Home » Photography » Phantoms

Day and night phantoms / 2009

/photograph, light-jet print, dibond, 75x75 cm/

Day and Night Phantoms are an imaginary photographic probe into the memories of my early childhood /the time when I believed that the sun was an animal, mushrooms were a meat, that strange beings were moving around in the dark or that I could fly or, better still, that sitting on the rock it would lay a gnome…/ But this list would not be complete without later inspiration I took from horror films and knowledge I gained on psychopathology as related to hallucinogenic experience.

The project as described here ventures beyond the boundaries of photography into the domain of psychology, specifically in visual terms it maps potential tendencies of infant magical thinking and perceptions of the environment depending on a given moment in the flow of time.
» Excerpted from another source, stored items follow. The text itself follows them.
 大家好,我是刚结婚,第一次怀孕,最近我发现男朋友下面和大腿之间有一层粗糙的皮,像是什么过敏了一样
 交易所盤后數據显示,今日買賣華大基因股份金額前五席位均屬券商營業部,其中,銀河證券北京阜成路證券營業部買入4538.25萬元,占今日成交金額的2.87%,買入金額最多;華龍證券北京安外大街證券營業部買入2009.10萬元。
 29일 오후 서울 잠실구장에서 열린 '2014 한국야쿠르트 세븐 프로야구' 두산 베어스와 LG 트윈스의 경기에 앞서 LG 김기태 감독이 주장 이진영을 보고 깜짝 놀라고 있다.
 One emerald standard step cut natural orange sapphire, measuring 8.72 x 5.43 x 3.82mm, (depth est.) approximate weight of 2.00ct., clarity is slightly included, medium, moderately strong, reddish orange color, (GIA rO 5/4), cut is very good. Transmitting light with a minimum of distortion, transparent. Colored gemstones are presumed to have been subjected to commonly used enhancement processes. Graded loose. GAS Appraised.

The photographs from the Night Phantoms series depict situations and activities, which wouldn’t be usual for the people if captured in these late hours and they do not correspond with the physical age of their protagonists either. However these limitations doesn’t count for the phantoms living in their own world that in spite of being all around us extends itself beyond the observatory capacity of everyday human beings.

The scenes on the photographs are as if frozen in time, in the moment of surprise, as if the headlights of a car catch a passing animal and what remains after the mutual surprise is just a memory – a sensation which can be doubted and replaced by an illusionary image as seen in the microsleep, or be taken for a fancy altogether.

In the Day Phantoms the question of realness is furthermore blurred by the fact that the things are not happening “directly”, but are reflected on the traffic mirrors. Even though the mirrors are real and as such they should reflect the reality entirely, the object and events, as reflected on it, hint to the reality of a dream, mirage or child’s imagination. Only in the mirrors it is possible to see the phantoms in the daylight.

What is perhaps discomforting is some kind of an existentialistic loneliness of those “phantom individuals” who busy themselves by their peculiar activity somewhat too evidently. They are completely absorbed in themselves, in their parallel reality, up to the moment when we light that reality up with torchlight and as a spectator we penetrate it with the reality of ours.

The series contains thirteen couples of “phantoms” pictured first at night and then as caught during daylight. The format of prints is 75x75 cm, they were made using a high quality technology of lambda print, adjusted on forex and clear Perspex.